Free infantry (Frei-Infanterie) units were autonomous military units established in the second half of the 18th century, which operated as light troops independently of armies using rigid linear tactics. They are not to be confused with the Freikorps. Depending on their size they could be free battalions (Freibataillone) or free companies (Freikompanien).

== Emergence ==
The term Freibataillon emerged in the Holy Roman Empire in the second half of the 17th century for troops formed outside of the regimental system. With the development of linear tactics, light troops were needed for outposts, security and reconnaissance tasks. The soldiers recruited were supposed to be "free" of the normal discipline of the main army.
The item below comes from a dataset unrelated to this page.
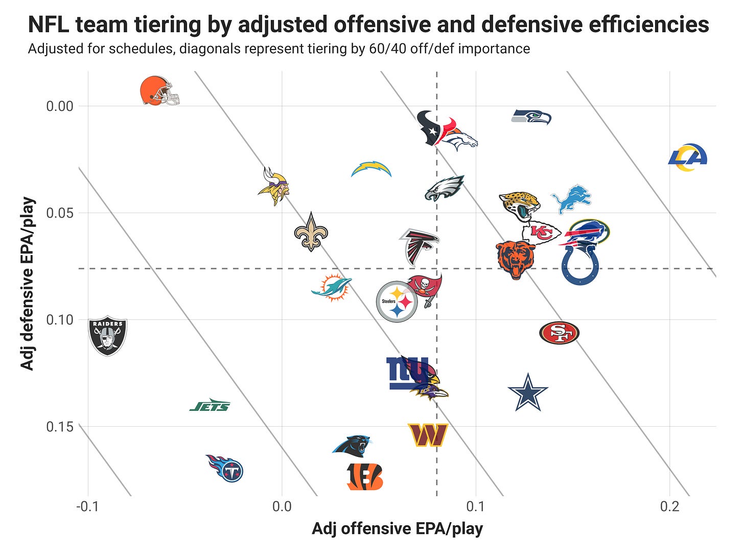 Below the Rams are around 10-15 teams without much separating them this season, though the prospects for the Indianapolis Colts to advance in the playoffs are now severely hampered by the loss of Daniel Jones. The same is now the case for the Kansas City Chiefs without Patrick Mahomes.

Pandurs and Croats were used in this way by the Austria in the War of the Austrian Succession. Frederick II was impressed by them and created the Freibatallione, which operated independently and disrupted the enemy with sudden, surprise attacks. They were also used to defend the Pandurs of Maria Theresia. In the Prussian Army, free battalions were often formed from the hussars, jägers and regular infantry and were detachiert, i.e. just detached for the role. A battalion could comprise about 1,000 men, often with a light battery of several guns. In the course of the war, a total of 14 units was established, mostly under the leadership of Huguenot nobles:

- Le Noble (F 1),
- Mayr/Collignon/Courbiere (F 2),
- Kalben/Salenmon (Favrat) (F 3),
- Angelelli/Collignon (F 4),
- Chossignon/Monjou (F 5),
- Rapin/Lüderitz (F 6),
- Wunsch (F 7),
- Du Verger/Quintus Icilius (F 8),
- Hordt (F 9),
- Jeney (Voluntaires d'Ostfrise) (F 10),
- Schack (F 11),
- Heer (Schweizer Volontaires) (F 12),
- Bequignolles (F 13),
- La Badie (Volontaires Etrangers) (F 14).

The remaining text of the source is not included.